Their plight would barely have made a by-line in the national dailies or on the news had it not been for the terrific solidarity action by British Airways baggage handlers. With thousands of air travellers suddenly inconvenienced and stranded at the airport, the nation’s attention focused on how BA and its principal catering supplier were redefining employee relations.

Mass sacking by megaphone raised the stakes in a frightening way, not just for the Gate Gourmet workers but also for BA chief executive Rod Eddington. He had good reason to fear that thousands of other airport staff might make the connection as to how this approach to negotiations might apply to them, and the problems BA would face if solidarity action continued.

Regrettably, the baggage handlers were exhorted to return to work before the promises of meaningful negotiations had had any chance of being anything more than lip service for the sacked workers.

As the Walrus explained, venture capitalists like Michael O’Leary and David Bonderman are only able to build their empire on the misery they create for workers. Unions are not an option as far as they are concerned. By smashing the unions (or at least castrating them) they hope to gain a competitive edge on those employers still nominally burdened by such things, effectively raising the stakes for any unionised workforce standing in the way of shareholder profits. The appointment of Willie Walsh as BA’s new CEO is another ominous sign for Heathrow workers, but as the Dublin airport workers showed, there is no need for it to be all one-way traffic when working class unity and solidarity prevail.

As a union activist I have been to the picket line a number of times now over the past several weeks, delivering collections and standing in solidarity with the sacked workers.
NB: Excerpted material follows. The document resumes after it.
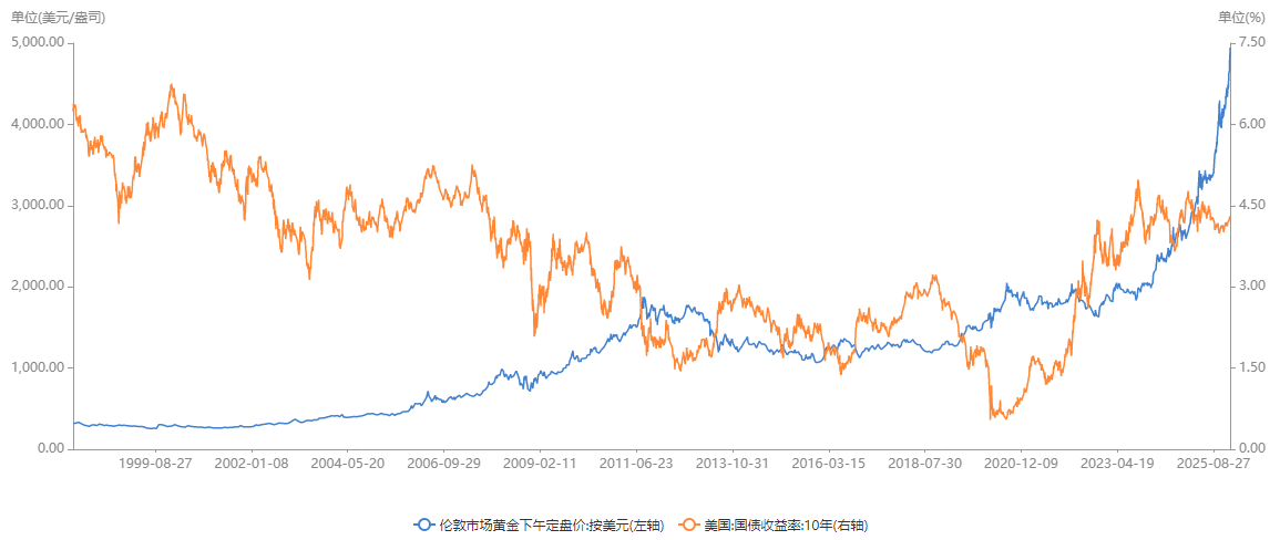 事实上,在传统模式下,黄金作为不生息资产,其价格与美债收益率呈负相关。但2022年以来,在金价上涨的同时,美国国债收益率整体上呈现上升趋势。这被市场解读为,美元资产的吸引力和美债的安全性遭到了市场质疑,进而出现了美国资本外逃的信号。

Initially the pickets were very optimistic that the dispute could be resolved quickly in the face of the embarrassing exposure of the employer’s dirty tricks.

This view has now subsided, and more recently the stark realisation is hitting home that, without further escalation of solidarity actions, those who will be allowed to return to work on the bosses’ terms will effectively have been starved into submission.

To prevent these workers becoming the latest victims of the anti trade union laws, the TUC needs to launch a seriously high profile fundraising solidarity campaign to stop them being starved back to work.

The sacked workers, with the support of fellow trade unionists, need to take the audacious step of appealing directly to their fellow unionists at Heathrow and other airports for further industrial solidarity action.

If we don’t want to join in on this relentless race to the bottom for workers then we need to relearn how to win fellow workers to take solidarity actions. Solidarity strikes are the kind of action that employers fear most of all (that’s why there is a law against them). It is this type of action that shows workers just how useful and potentially powerful they really are, and is the only way to force profit-hungry bosses to treat workers with the respect and dignity they deserve.